Laut Vorstandschef Ulrich Pelster geht es darum, „unsere Kliniken auch digital zukunftsweisend aufzustellen“. Dem Land sei „ein schlüssiges Konzept“ vorgelegt worden. So sollen laut IT-Leiter Dr. Carsten Giehoff alle Patientendaten in einer digitalen Patientenakte zusammengeführt werden, um den kompletten Weg von der Aufnahme bis zur Entlassung digital abbilden zu können. Dann könne der Patient auch Untersuchungs- und Behandlungstermine online abstimmen oder seine Befunde digital übermitteln. Visiten werden künftig mit einem digitalen Visitenwagen stattfinden, der Vitaldaten allen Beteiligten verfügbar mache. „Arzt und Pflegekraft haben jederzeit und von jedem Ort aus Zugriff auf die Akten“, wird Dr. Giehoff zitiert. Das stelle auch für die Patienten eine deutliche Verbesserung dar.

Medikamentenverordnung könnte künftig digital laufen

Mit Blick auf die Patientensicherheit könne künftig auch die Medikamentenverordnung digital laufen, berichtet der IT-Leiter. Die ordnungsgemäße Verabreichung könne besser dokumentiert werden und Falschmedikation vermieden werden.

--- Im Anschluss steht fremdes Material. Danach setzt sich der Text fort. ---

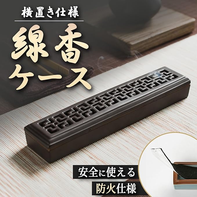 防火シート付属で安全:ケース内部底面には耐熱・断熱性に優れた防火マットを敷いています。線香を最後まで燃やしても受け皿が高温になりにくく、下に敷く台や家具を焦がす心配がありません。横に寝かせて使用するため線香が倒れる危険性もゼロ。火種が露出しない蓋付き構造と相まって、小さなお子様やペットがいるご家庭でも安心してお香を焚いていただけます。
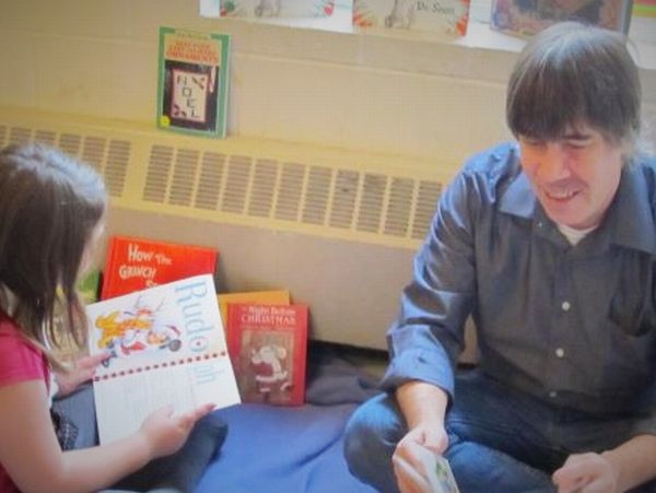 Which brings me to this: we do have Rules for reading time. Way big Rules that we make a real fuss about. One of them is that anybody, of any age or gender, gets to read or have read to them any book they want without editorial comment. We believe that kids know what they can read or can learn to read; and also what they want to have help with, or have read to them. We also believe that nobody learns unless they first feel safe.

Zurzeit sind die Häuser der Schwester-Euthymia-Stiftung in puncto Digitalisierung unterschiedlich weit, gibt die Stiftung an. „Die Digitalisierungsoffensive soll auch dazu führen, dass die Krankenhäuser ein gemeinsames Level erreichen und noch intensiver vernetzt werden“, erläutert der IT-Leiter der heimischen Kliniken in der Mail. Dafür setze er einen Zeitraum von rund 3 Jahren an. Das passe auch zu den Zielen des Krankenhauszukunftsgesetzes, das eine fristgerechte Digitalisierung für alle Krankenhäuser in Deutschland zur Auflage mache.